### Exercise brief
Pictures do not belong in the copy. Write out exactly the lines from the one containing "LAPORAN AKKS 2019" through the end of the data.

◇ ◇ ◇ ◇ ◇ ◇ ◇

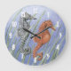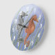 Charming sea horses float along throughout the day on this ocean blue clock with white numbers that can be removed if you would like.
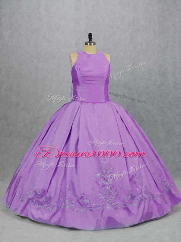 Admirable Lilac Sleeveless Floor Length Embroidery Zipper 15 Quinceanera Dress
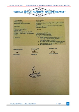 LAPORAN AKKS 2019 KOPERASI SEKOLAH MENENGAH SIMPANG RENGAM KLUANG BERHAD “KOPERASI SEKOLAH MEMBENTUK KEMENJADIAN MURID” “SAMA MENYOKONG SAMA BERUNTUNG” JR 0335 113
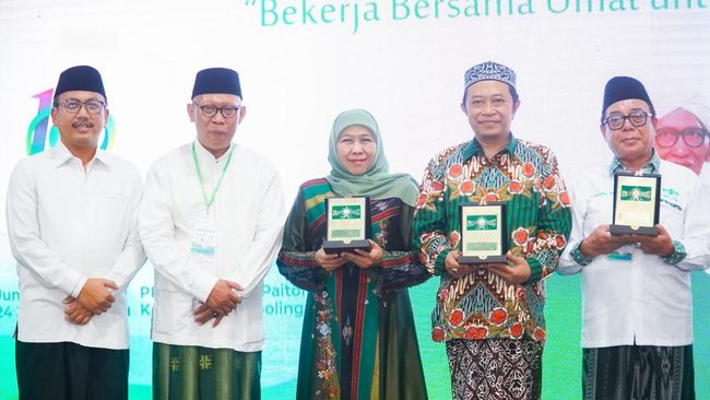 Khofifah Indar Parawansa menghadiri Peringatan Hari Lahir Ke-102 Nahdlatul Ulama sekaligus Rakerwil PWNU Jatim di Pondok Pesantren Nurul Jadid Probolinggo. Dia ajak seluruh elemen keluarga besar NU menyatukan semangat bersama-sama mewujudkan Indonesia Emas 2045.
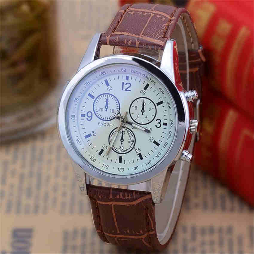 Fashion Unisex Watch Blue Glass Three Eye Leathe Band Quartz Sport Watch Business Watches

◇ ◇ ◇ ◇ ◇ ◇ ◇

### Answer space
 LAPORAN AKKS 2019 KOPERASI SEKOLAH MENENGAH SIMPANG RENGAM KLUANG BERHAD “KOPERASI SEKOLAH MEMBENTUK KEMENJADIAN MURID” “SAMA MENYOKONG SAMA BERUNTUNG” JR 0335 113
 Khofifah Indar Parawansa menghadiri Peringatan Hari Lahir Ke-102 Nahdlatul Ulama sekaligus Rakerwil PWNU Jatim di Pondok Pesantren Nurul Jadid Probolinggo. Dia ajak seluruh elemen keluarga besar NU menyatukan semangat bersama-sama mewujudkan Indonesia Emas 2045.
 Fashion Unisex Watch Blue Glass Three Eye Leathe Band Quartz Sport Watch Business Watches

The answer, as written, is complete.